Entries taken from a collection
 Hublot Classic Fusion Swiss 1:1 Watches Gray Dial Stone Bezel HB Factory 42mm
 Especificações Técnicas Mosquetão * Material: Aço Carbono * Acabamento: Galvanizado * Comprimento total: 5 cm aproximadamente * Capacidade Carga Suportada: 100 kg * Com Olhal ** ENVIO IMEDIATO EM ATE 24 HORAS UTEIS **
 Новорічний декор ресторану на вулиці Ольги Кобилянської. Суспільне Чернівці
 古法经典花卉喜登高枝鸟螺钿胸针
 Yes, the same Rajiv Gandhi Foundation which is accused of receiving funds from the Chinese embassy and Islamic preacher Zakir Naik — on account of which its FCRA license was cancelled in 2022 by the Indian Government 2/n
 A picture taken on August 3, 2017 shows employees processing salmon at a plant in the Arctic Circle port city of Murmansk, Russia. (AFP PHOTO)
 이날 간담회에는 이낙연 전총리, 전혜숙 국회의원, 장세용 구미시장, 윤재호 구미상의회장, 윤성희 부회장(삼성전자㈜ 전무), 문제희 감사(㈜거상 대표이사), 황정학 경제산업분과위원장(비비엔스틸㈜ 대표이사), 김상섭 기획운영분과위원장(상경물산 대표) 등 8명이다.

Problem requirements »
The entries above must be retyped exactly, down to the last character.

Answer to this problem »
 Hublot Classic Fusion Swiss 1:1 Watches Gray Dial Stone Bezel HB Factory 42mm
 Especificações Técnicas Mosquetão * Material: Aço Carbono * Acabamento: Galvanizado * Comprimento total: 5 cm aproximadamente * Capacidade Carga Suportada: 100 kg * Com Olhal ** ENVIO IMEDIATO EM ATE 24 HORAS UTEIS **
 Новорічний декор ресторану на вулиці Ольги Кобилянської. Суспільне Чернівці
 古法经典花卉喜登高枝鸟螺钿胸针
 Yes, the same Rajiv Gandhi Foundation which is accused of receiving funds from the Chinese embassy and Islamic preacher Zakir Naik — on account of which its FCRA license was cancelled in 2022 by the Indian Government 2/n
 A picture taken on August 3, 2017 shows employees processing salmon at a plant in the Arctic Circle port city of Murmansk, Russia. (AFP PHOTO)
 이날 간담회에는 이낙연 전총리, 전혜숙 국회의원, 장세용 구미시장, 윤재호 구미상의회장, 윤성희 부회장(삼성전자㈜ 전무), 문제희 감사(㈜거상 대표이사), 황정학 경제산업분과위원장(비비엔스틸㈜ 대표이사), 김상섭 기획운영분과위원장(상경물산 대표) 등 8명이다.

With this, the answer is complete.